You are viewing a plain text version of this content. The canonical link for it is here.
Posted to commits@hawq.apache.org by od...@apache.org on 2016/11/22 23:37:33 UTC
[2/2] incubator-hawq git commit: HAWQ-1115. Implement filter-push
down for IN on PXF service side.
HAWQ-1115. Implement filter-push down for IN on PXF service side.
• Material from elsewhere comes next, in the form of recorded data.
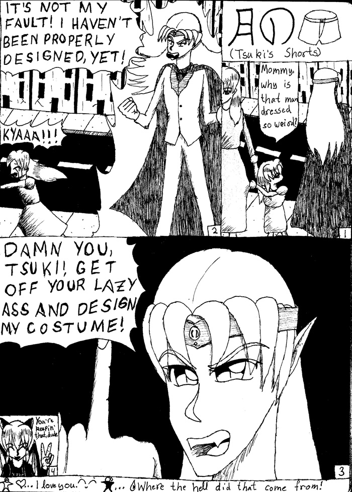 WOW, are you out of character, Kaze! Seriously, that guy's supposed to be cool and calm, with maybe a slight stick up his ass. Of course, he's also supposed to be super fancy, and the best I had come up with at the time was a pretty white suit and a cape. And a crown/tiara/thing. So, you know.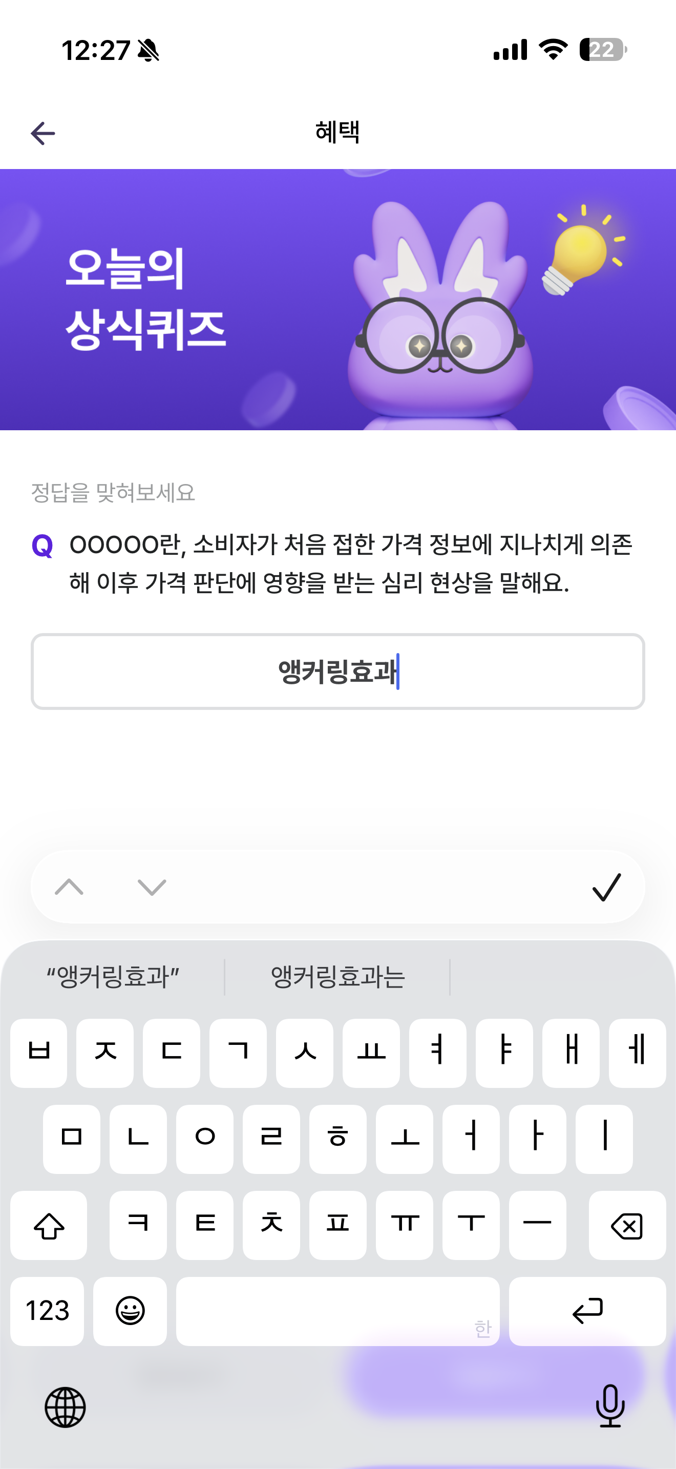 OOOOO란, 소비자가 처음 접환 가격 정보에 지나치게 의존해 이후 가격 판단에 영향을 받는 심리 현상을 말해요. 주관식 퀴즈인데요.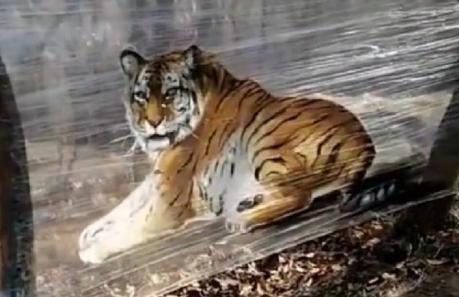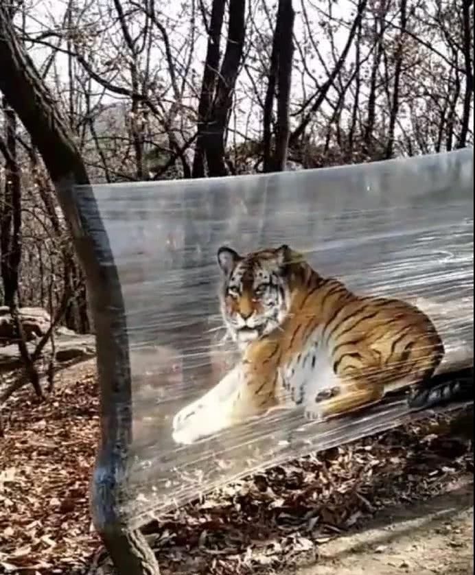 ▼願挨這些野生動物,竟然是列印在保鮮膜上的動物畫像,這樣的創意實在值得給予掌聲!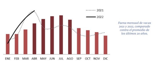 Lamentablemente, para el productor argentino, esta desaceleración de la demanda china golpea nuevamente en el peor momento de salida de vacas. Como es habitual, desde abril y hasta julio y agosto inclusive, se da el pico estacional de oferta de vacas con destino a faena. El mismo manejo de los campos exige esta salida.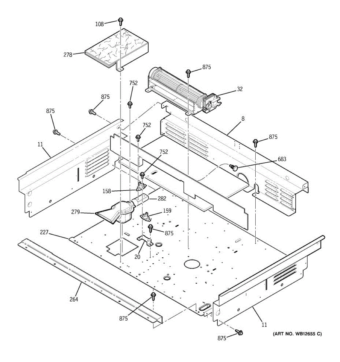Oven vent box assembly that routes hot air and steam from the cooking cavity. Replace if cracked, damaged, or missing to restore proper ventilation.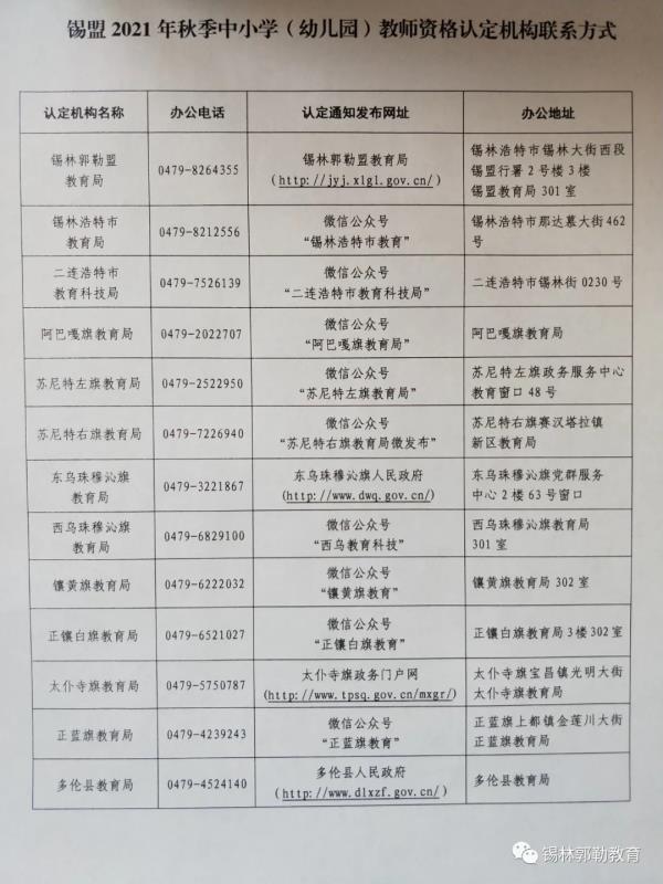 根據(jù)《內(nèi)蒙古自治區(qū)教育廳2021年秋季教師資格認定公告》要求和錫林郭勒盟教師資格認定工作安排,現(xiàn)就錫林郭勒盟2021年秋季中小學(幼兒園)教師資格認定工作有關事宜公告如下:
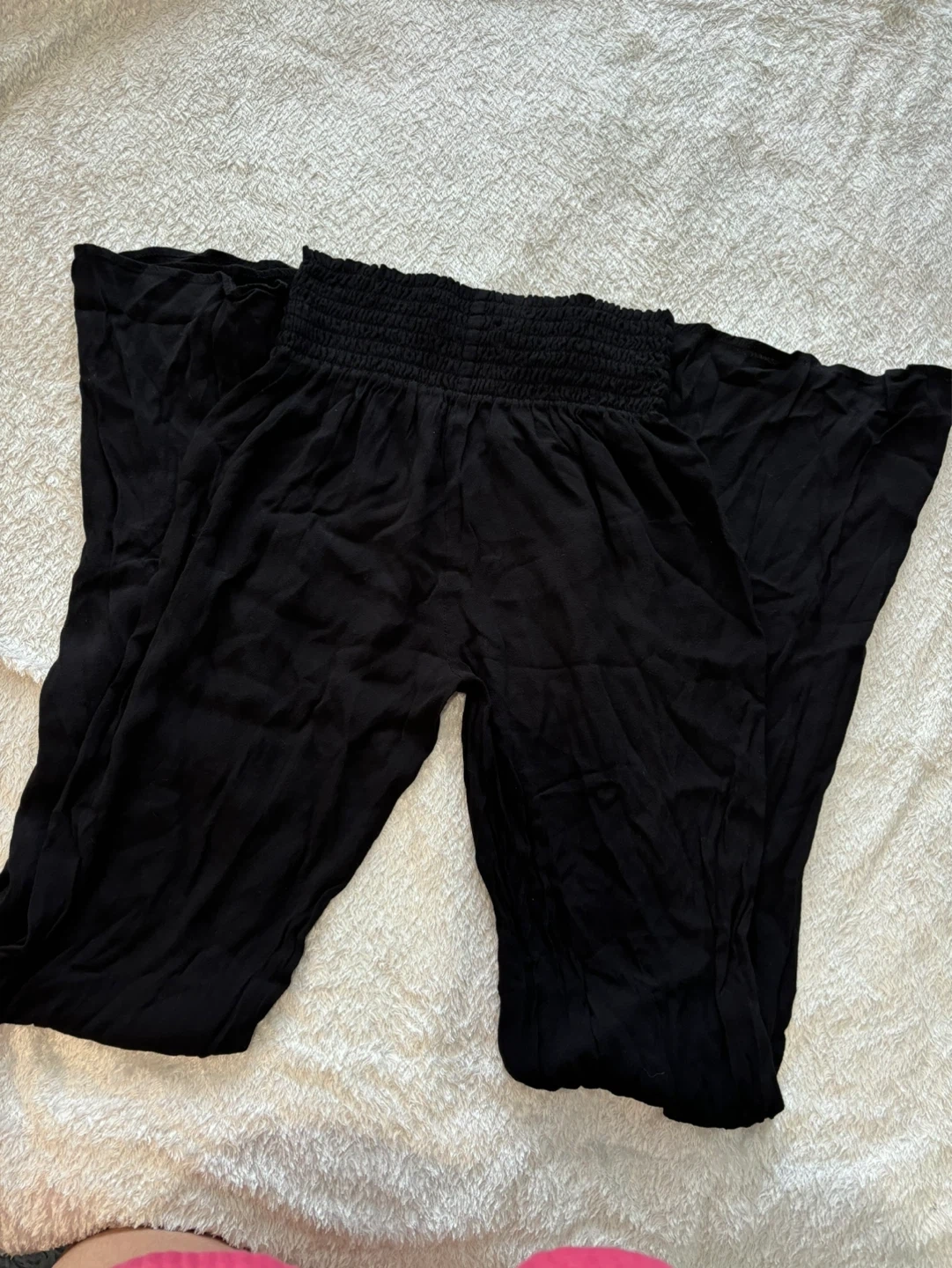 Black wide leg pants from ZARA WOMAN. They're a size small with a smocked elastic waistband and a flowy, wide leg design. Made from a lightweight fabric for comfort.

Project: http://git-wip-us.apache.org/repos/asf/incubator-hawq/repo
Commit: http://git-wip-us.apache.org/repos/asf/incubator-hawq/commit/3988fa9d
Tree: http://git-wip-us.apache.org/repos/asf/incubator-hawq/tree/3988fa9d
Diff: http://git-wip-us.apache.org/repos/asf/incubator-hawq/diff/3988fa9d
Branch: refs/heads/HAWQ-1114_
Commit: 3988fa9d650bfce07c9951abfe52f093f148b3ee
Parents: f536900
Author: Oleksandr Diachenko <od...@pivotal.io>
Authored: Tue Nov 22 15:37:15 2016 -0800
Committer: Oleksandr Diachenko <od...@pivotal.io>
Committed: Tue Nov 22 15:37:15 2016 -0800
----------------------------------------------------------------------
.../org/apache/hawq/pxf/api/FilterParser.java | 56 ++++++++++++++++++--
.../org/apache/hawq/pxf/api/io/DataType.java | 19 +++++++
.../apache/hawq/pxf/api/FilterParserTest.java | 22 ++++++++
.../hawq/pxf/plugins/hive/HiveORCAccessor.java | 9 ++++
.../pxf/plugins/hive/HiveORCAccessorTest.java | 15 ++++++
.../plugins/hive/HiveORCSearchArgumentTest.java | 42 ++++++++++++---
6 files changed, 151 insertions(+), 12 deletions(-)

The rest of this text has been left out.